As annoying as it is for the 1% of false positives to not get a straight answer, the net effect is the 99% of bad actors don't know what they did to get booted - which means they can't adapt as easily.
Seems like a nice way of killing a competitor's products.
Hopefully a human will respond soon
I wonder how quick the transition of HITL (Human in the loop) to HOOTL will be.
There will always be a 'request manual review' button.
It'll go to a call centre in the third world where workers are expected to perform a review every 5 seconds.
Also available here,
https://nightbeatseu.ca/works/the-sad-bastard-cookbook/
https://traumbooks.itch.io/the-sad-bastard-cookbook
- "We made it legal with Creative Commons (4.0 attribution non-commercial), but if you get a thrill from breaking the law, you can pretend it’s not."
I love the copyright description. Is this book full of humor like this?
I would say yes. They try hard to make cooks laugh.

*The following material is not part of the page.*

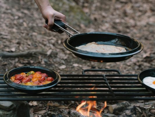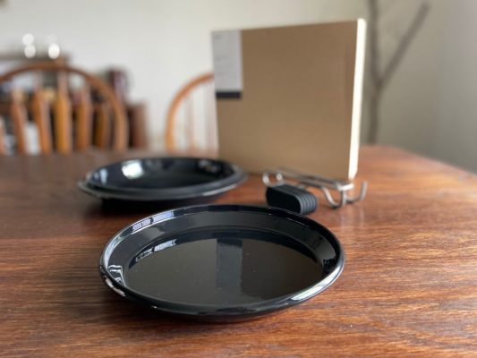 此系列每組皆含一個多功能手柄和兩個深淺不一的琺瑯餐盤,可當作兩個餐盤使用,也可當作鍋與蓋。。

This is one of their recipes:
APOCALYPSE RAMEN
This is basically like regular ramen soup but with three critical differences:
- It is intensely chaotic, which is to say that you can pretty much toss anything into it and say you did it on purpose.
- It's slightly healthier, if your depression has lifted enough that you want to eat something other than delicious, delicious chemicals.
- It involves a mason jar, so you can feel like you're riding out the end of days in true hipster style.
Core Ingredients & Supplies:
- Mason jar or other heatproof receptacle.
- Boiling water.
- The only requirement here is rice noodles. Why? Because they cook fast.
Preparation:
- Put all ingredients in the jar.
- Boil some water.
- Pour into jar to cover ingredients.
- Shake it up a bit (not right away, otherwise you'll burn your hands and get more depressed).
- Let it sit for a few minutes.
- Enjoy???
Variations:
- Remember those takeout packets of hot sauce and soy sauce? This is a good time to use them.
- Frozen or fresh vegetables. Wilted is absolutely fine here. International readers may call them "wilty" vegetables. Reader, you are now bilingual.
- Any kind of spices. We particularly suggest garlic or ginger powder, but seriously, anything will work.
- If you have tofu or some other protein to use, go for it.
put boiling water in a jar and then shake it up? Ouch! when you agitate hot water, it evaporates a lot faster, bringing the pressure in the jar to great heights. If your seal is not good, or if you open the jar scalding water can come shooting out onto your hands.
a similar thing happens when you put boiling water in a blender and turn the blender on (your blender seal is not good) explosive results.
Please note the name of the recipe.
A playfully dangerous sounding name is no excuse for a recipe that could literally scald your face for life.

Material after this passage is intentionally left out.